Seven weeks from the 2020 election, American politics have reached such an appalling state of incivility that there is no precedent for it in American presidential history.
Of course, there was terrible acrimony between Jefferson and Hamilton, and by and against Andrew Jackson, and in the awful contentiousness leading up to and through the Civil War. Theodore Roosevelt called William Jennings Bryan a “logothete and a human trombone.” Many raved against Franklin D. Roosevelt as a communist. As a very young man, I was shocked to hear on the radio in 1956 someone say of President Eisenhower (whose memorial is being unveiled in Washington this week): “I cannot vote for a sick old man with one foot in the grave and the other in his mouth.” The Nixon era produced its own levels of opprobrium, ending in crowds singing “Jail to the chief,” and it became very tiresome to hear Ronald Reagan described, in the words of Washington legal eminence Clark Clifford, as “an amiable dunce.”

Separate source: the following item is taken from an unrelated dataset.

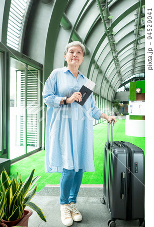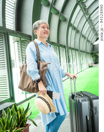 60多歲的亞洲熟年婦女微笑著站著,身旁有手提箱行李袋和手持登機證與護照,適用於covid19疫情後旅

None of this has prepared us for the sea-to-sea, round-the-clock mud-slinging of the 2020 campaign.
I wrote last week how I was shocked that Peggy Noonan described President Trump in the Wall Street Journal on September 5 as “a malignancy metastasizing in the oval office.” A week later, she fell to mind-reading, as less distinguished journalists and indifferent historians frequently do, and announced that the president, a graduate of the New York Military Institute and the greatest White House friend the American military has had at least since General Eisenhower, believes with the elder son of the Godfather (in the famous Coppola film), that people who join the armed forces are fools because their personal interests are not directly involved.
Coming from a distinguished journalist and a very decent and conscientious person, these reflections are a disgrace. No president of the United States should ever under any circumstances be described by a fellow citizen as a “malignancy.” The particular failure and hypocrisy of the Trump-haters is that the crudeness they claim to hate in Trump is magnified in their own antagonism toward him. This undermines their case and it incites the suspicion that some of the charges they make against Trump are more accurately directed against them.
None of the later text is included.